Creating My Own Blog Using GatsbyJS
I’ve been writing my articles in Medium and Wordpress. But last week, I decided to create my own blog and eventually move my articles from Medium and Wordpress on it. I look over the internet on what tools I can use for my blog. I came across a self-hosted Wordress, Ghost, Jekyll, GatsbyJS, Pelican, and the likes. For the self-hosted Wordpress and Ghost, I need to pay for a hosting site, which is problem because I don’t have money for that. So I narrow my options to use a static site generators and use Github as hosting using its Github Pages feature.
So now, I have 3 options for my static site generator. Jekyll, GatsbyJS, and Pelican. They are all amazing tools and can give what I want to achieved. So the deciding factor for me is the programming language that I’ll be using. For Jekyll I need to use ruby, javascript for GatsbyJS, and Python for Pelican. I’m already comfortable with ruby and python. Javascript specifically using ReactJS is not really my strong suit, so I went to use GatsbyJS to challenge my self and to be more familiar with javascript specially ReactJS.
So for this weekend, my goals are:
- explore and learn GatsbyJS, enough to create my own blog.
- deploy my static site in Github and use Github Pages to publish my site publicly.

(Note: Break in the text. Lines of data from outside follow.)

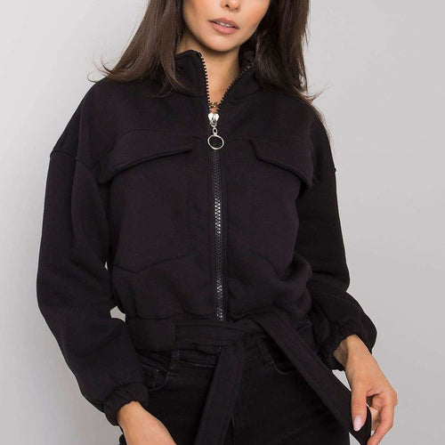 Black women's zipped sweatshirt with long sleeves. There are pockets at the front and a tie at the waist. Cotton 72 % Spandex 6 % Polyester 22 % Size Sleeve internal lenght Sleeve external lenght Chest L 53 cm 63 cm 91 cm M 51 cm 61 cm 86 cm S 49 cm 59 cm 82 cm
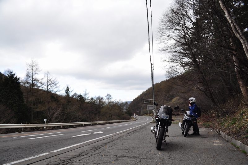 ヴィーナスラインに近づけば近づくほど悪くなる天気(苦笑) 気温も徐々に下がってきたので、友人はレインコートを着込みました。
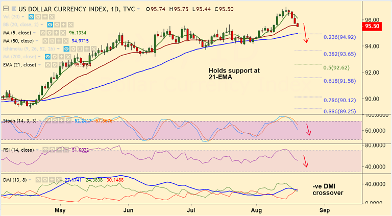 Resistance levels - 95.57 (21-EMA), 96.13 (5-DMA)
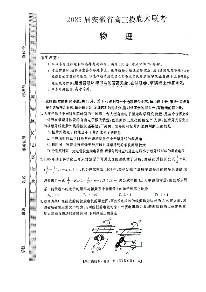 安徽皖江名校联盟2025届高三11月摸底大联考 物理

- Configure github pages to use my own domain.
- move some of my contents from Medium and Wordpress to my newly created blog.
Exploring GatsbyJS
Gatsby is a blazing fast modern site generator for React. - https://www.gatsbyjs.org/docs/
So how GatbsyJS works? basically GastsbyJS use source plugins such as the items below to retrieve data to feed on the generated site. You can even create your own source plugin to suit your needs.

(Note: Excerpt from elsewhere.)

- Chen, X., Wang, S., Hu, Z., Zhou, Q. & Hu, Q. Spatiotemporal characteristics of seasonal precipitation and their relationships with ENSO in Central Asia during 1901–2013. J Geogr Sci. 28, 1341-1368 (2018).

GatsbyJS with the help of source plugins build the data in a way that GraphQL can use it for data filtering and presentational purposes like blogs posts, products list or viewing, and the likes. This presentational layer consist of core web technologies, like HTML, CSS, and Javascript(ReactJS).
When you’re done customizing your site: setup the data source and presentational layer, you can create a production build and deploy it to your hosting service like: AWS, Netlify, and Github Pages. That’s it!
Creating my Blog
- I install GatsbyJS cli on my system.
npm install -g gatsby-cli
- Generate a new GatsbyJS project, I use a starter plugin for this.
gatsby new gatsby-starter-julia https://github.com/niklasmtj/gatsby-starter-julia
Using a starter plugins makes it more convenient to create sites using GatsbyJS. Aside from being very simple and minimal, the starter plugin I use contains these plugins among the others:
-
gatsby-source-filesystem
- this makes it possible to retrieve data from filesystem specially for markdown content. -
gatsby-plugin-react-helmet
- for managing my site header tags, useful for adding metadata to help with SEO. -
gatsby-plugin-offline
- make my site available offline, PWA for the win!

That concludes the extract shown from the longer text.